Moreover, the rulers of Grand Duchy of Vladimir and of what became the Grand Duchy of Muscovy were direct descendants of the Rurik dynasty, the Rus ruling family. Contemporary Ukrainian historiography attempts to portray Moscow and Muscovy as a byproduct of the Mongol occupying forces, not of the Rus. Vladimir-Suzdal and Moscow did accept Mongol overlordship but so did large parts of the Rus after 1240, including the Kingdom of Galicia–Volhynia in the South-West, even if only for about 80 years and not for almost 2 centuries and a half like Muscovy.

By the XIV century, Kiev had been liberated from the Mongols, but was incorporated into then expanding Grand Duchy of Lithuania. In 1299 the Metropolitan of Kiev and all Rus Maximus had already moved his official seat from Kiev to Vladimir in the North-East; finally, 26 years later, the Metropolitan would move to Moscow.

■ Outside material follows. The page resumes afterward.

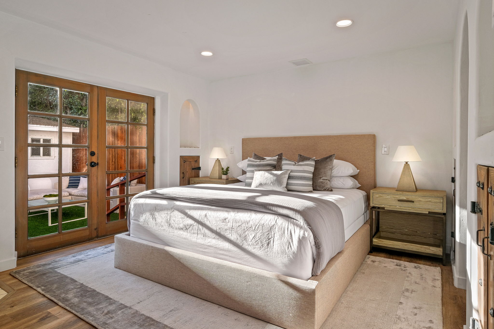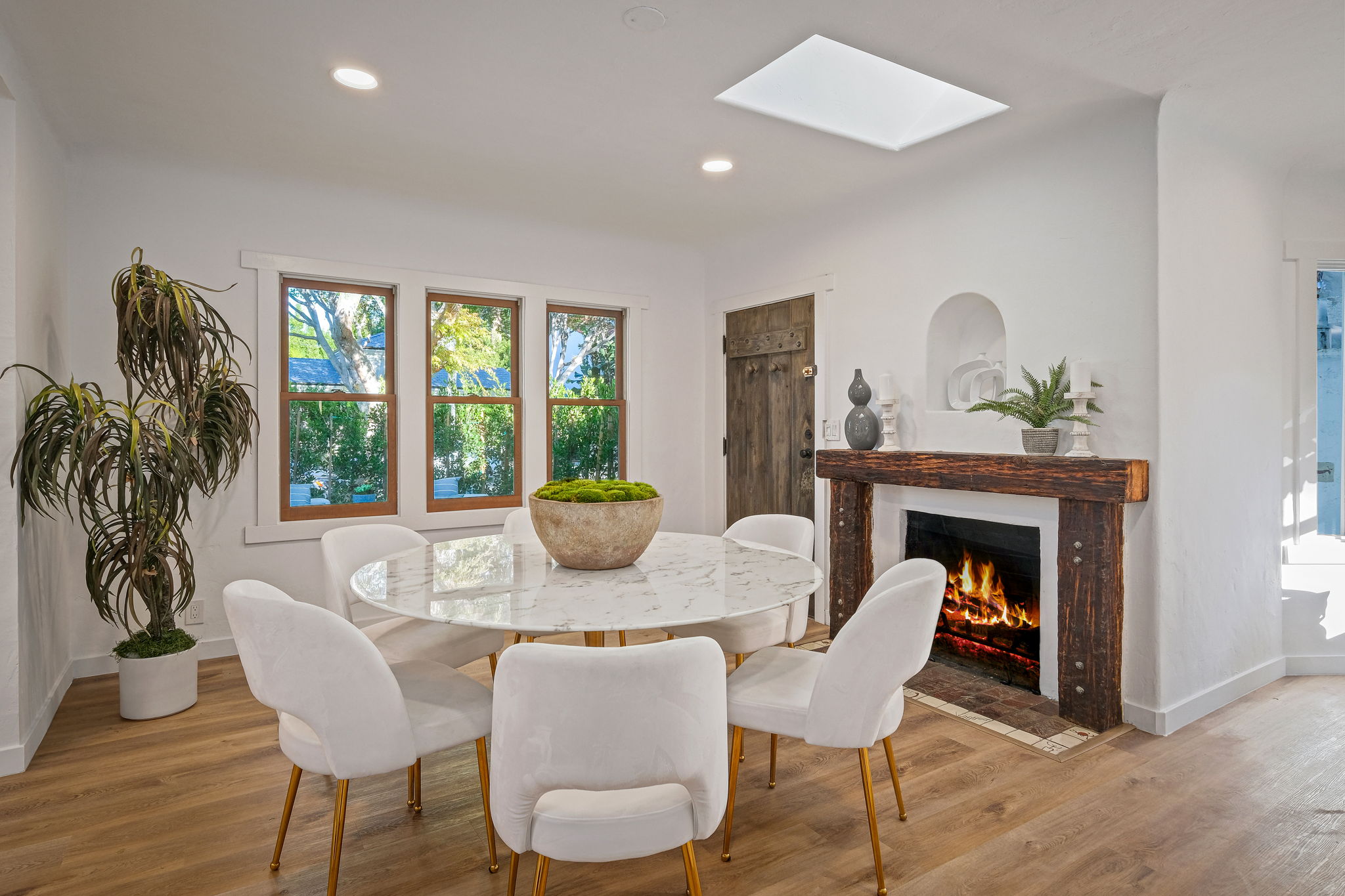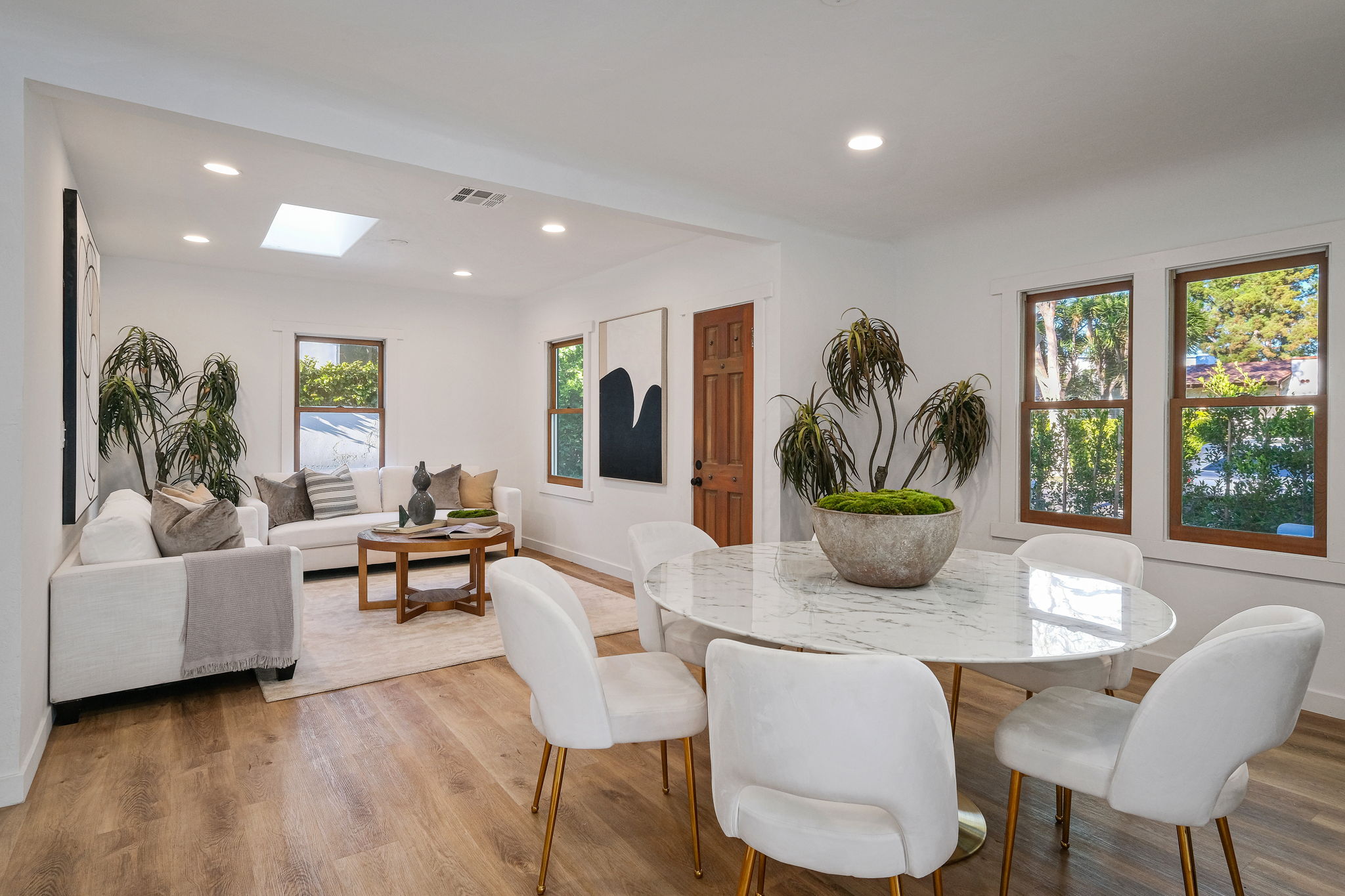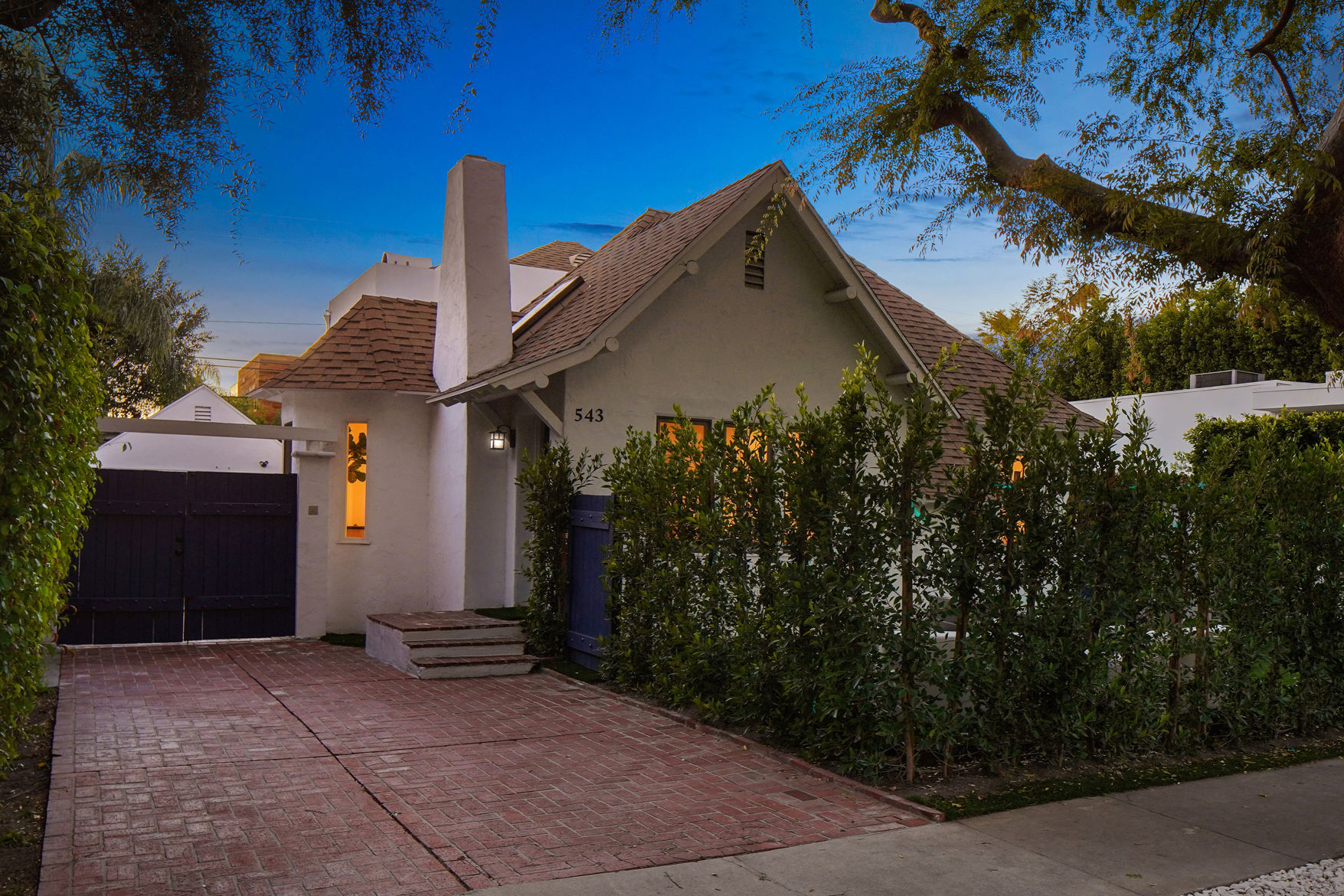 A charming and fully remodeled traditional compound with a separate guest house and separate home office/gym in the most exclusive and sought-after area of West Hollywood, just south of Melrose Ave. Enter past the grassy, privately-hedged front yard to the open living/dining rooms replete with a beautiful fireplace and wide plank hardwood floors. The updated kitchen features all new stainless steel appliances and a plethora of natural light. Four generously sized bedrooms, all with their own ensuite bathrooms and tons of closet space, complete the main house. An additional 305 sq. ft. guest house is located on the property replete with a mini-kitchenette and bathroom, perfect for a large family or additional rental income. A second separate structure measures at 192 sq. ft. and is perfect for a home office/gym. A large grassy backyard with an uncovered rear patio completes this unique retreat, just steps from the city’s most popular shops, restaurants, and nightlife including Craigs, Catch, Cecconi’s, and Urth Caffe.

This also shows a clear continuity between Rus and what later became the Russian Empire, the forefather of contemporary Russia.

Ukrainian and Polish historians before them have been trying for centuries to portray Moscow as an entirely alien body usurping the tradition of the Slavic and Christian Rus. As we have seen before, this clearly represents a distortion of basic historical facts. It is very hard not to see the Rus element of Moscow and Muscovy before Peter the Great. The distortion can only be an intentional one.

Continuity between Rus and Russia does not mean that Russia is the sole heir of the ancient Rus. It does not necessarily mean that today’s Russians and Ukrainians have to be considered as one people either. Like many large polities of the past, the Rus dismembered and, on its territories, new nations were formed within new political boundaries. But there is still a clear line between Rus and Russia. Contemporary Ukrainians may be angered at their loss of power and prestige, because Kiev was for three centuries the major city in the old Rus. But to claim that Rus was just Ukraine and that Peter the Great stole Ukrainian’s history is a historical absurdity unworthy of any serious consideration.